The movie-making advice Stanley Kubrick gave Jack Nicholson

There are countless stories of what it was like to be on set with Stanley Kubrick, from the harrowing to the encouraging. But throughout them all, one thing is clear: the director demanded a lot from his cast and demanded it in a certain way. He expected every actor to be a student of his specific process. Jack Nicholson remembers it well, taking one piece of advice with him throughout his career.

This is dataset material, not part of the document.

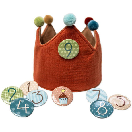 Geburtstagskrone Musselin mit Zahlen Button Rotbraun

Out of all the actors that Kubrick worked with, his relationship with Jack Nicholson seemed to stand out. It was a perfect coming together of a director and an actor, but also an artist and a muse. When they were making The Shining, Nicholson was the director’s first choice. He knew immediately that he would be able to bring the role of Jack Torrence to life with exactly the kind of complex yet terrifying energy it required. Kubrick said that Nicholson brought to his work “the one unactable quality – great intelligence”.

Nicholson was also the perfect actor for Kubrick’s specific approach to directing. He was a perfectionist to a terrorising degree, demanding take after take from his cast until they got it exactly right and exactly matched the vision in his mind. While plenty of performers have criticised that and spoken about their negative experiences with Kubrick, that approach seemed to be precisely what Nicholson wanted. Of his dream director, he said, “I want them to have the control.”

The actor seemed more than willing to be a student to the master, keen to take in his teachings and carry them forward. He recalled one lesson: “One of the things he said to me that I’ve always remembered was ‘In movies, you don’t try and photograph the reality, you try and photograph the photograph of the reality.’”

But realistically, what on earth does that even mean? At first glance, that just looks like a pretentious mush of words jumbled together so the director could sound profound. But let’s attempt to unpack it.

The idea of ‘photographs’ feels essential to understanding Kubrick’s work. He was also willing to take on vast and adventurous stories, sometimes even controversial ones like Lolita, that no other director would touch, and approached them with a distinct stylistic eye. Any film fan could see a still from one of his movies and take a good guess that it was his. His visual world is full of symmetry and artfully crafted shots where characters move through it in a considered way. No detail is left untouched. Everything is considered.

So, even when his stories were set in the real world, Kubrick wasn’t interested in capturing reality. Instead, he wanted to capture an artistic take on reality, where every detail and every aesthetic touch serves a greater purpose of building a world or mood. It’s part of telling the story rather than just being the setting within which the story exists.

As he passed down that less to Nicholson, it’s clear that he also treated his actors in that way. He had no interest in his characters being common, every day people, he wanted them to be bolder. In the same way that our memories of people who come into our lives hinge on key characteristics or key moments we have with them, where the day-to-day boring details fade into the background, he wanted his characters to exist in that snapshot approach.

In that way, his films aren’t photographs of reality because they aren’t trying to capture how things are. Instead, with the stylistic details and emotive characters, he’s trying to capture people’s remembrances or impressions of how things are, removing his viewers one more step until all that’s left is emotion and how that emotion taints our perception.

That could be what Kubrick was getting at. Or, it could just be a philosophical one-liner he passed down to impress his favourite student.